Weg-Wort vom 12. April 2012
Ein Samstag in Thekoa
Sie wissen nicht, wo Thekoa liegt? Das kann ich gut verstehen. Es gehört ja
nicht zum Notwendigsten im Leben. Und Google-earth weiss es auch nicht auf
Anhieb. Dass dort aber Notwendendes passiert, das ist gut zu wissen. Thekoa,
zwischen Bethlehem und Hebron, liegt in palästinensischem Gebiet. Es ist der
Ort, von dem zu alten Zeiten der Prophet Amos herkam und die Leute der
Goldküste Jerusalems ins Visier nahm.
Wahrer Gottesdienst sei gerechter Umgang mit Menschen in Not und nicht die
süssen Gesänge am Sabbat oder heute in christlichen Gefilden am Sonntag. Er
gibt die Wut Gottes über ungerechte Zustände nachhaltig weiter.
Er müsste auch heute noch predigen. Die Verhältnisse haben sich in den
letzten 2700 Jahren seit Amos nicht grundlegend verändert.
Aber es gibt es: Das Verhalten, das Gott mehr bekommt als frömmlerisches
Gesülze.

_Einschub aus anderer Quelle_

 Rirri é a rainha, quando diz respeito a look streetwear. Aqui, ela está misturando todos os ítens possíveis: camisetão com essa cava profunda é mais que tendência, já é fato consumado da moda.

Es passierte in Thekoa. Israelische Ärzte kamen über die Grenze in
palästinensisches Gebiet und hielten Visite. Hunderte von Palästinensern
warteten geduldig bis sie dran waren. Was für eine wunderbare Form von
Gottesdienst, wenn Menschen die eigenen Ängste überwinden und die der
Angehörigen in Kauf nehmen, um denen zu helfen, die es nötig haben.

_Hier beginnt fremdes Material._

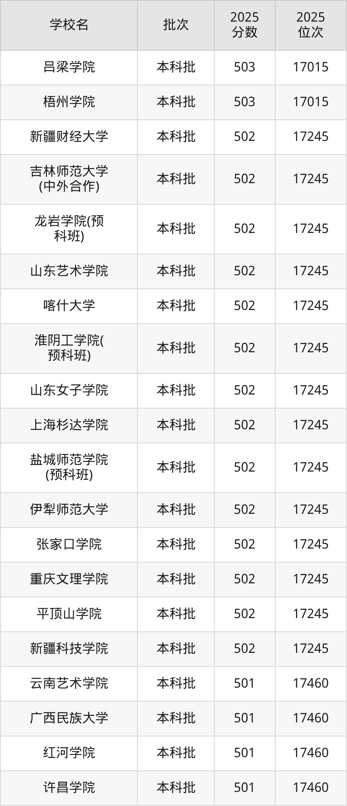 这些都是2026年高考历史类17461名~17717名考生可以报考的大学,更多学校名单如下表所示:

Sie fragen dabei nicht nach Feind oder Freund, sondern in gut biblischer
Tradition: Wem kann ich Nächster sein? An solchen Orten geschieht
Wunderbares, geschieht Ostern: Ein Schritt ins Leben.
Immer wieder muss ich mir das vor Augen halten, wenn aus diesem
spannungsgeladenen Gebiet berichtet wird. Wenn sich hier die Gemüter
erhitzen, wer jetzt Recht hat - dieser oder jener, dann gibt es je länger je
mehr nur noch diese eine Antwort: Keiner der Wunden schlägt, wird jemals
Recht haben, nur der, der sie heilt. Ich wünsche einen heilvollen Tag.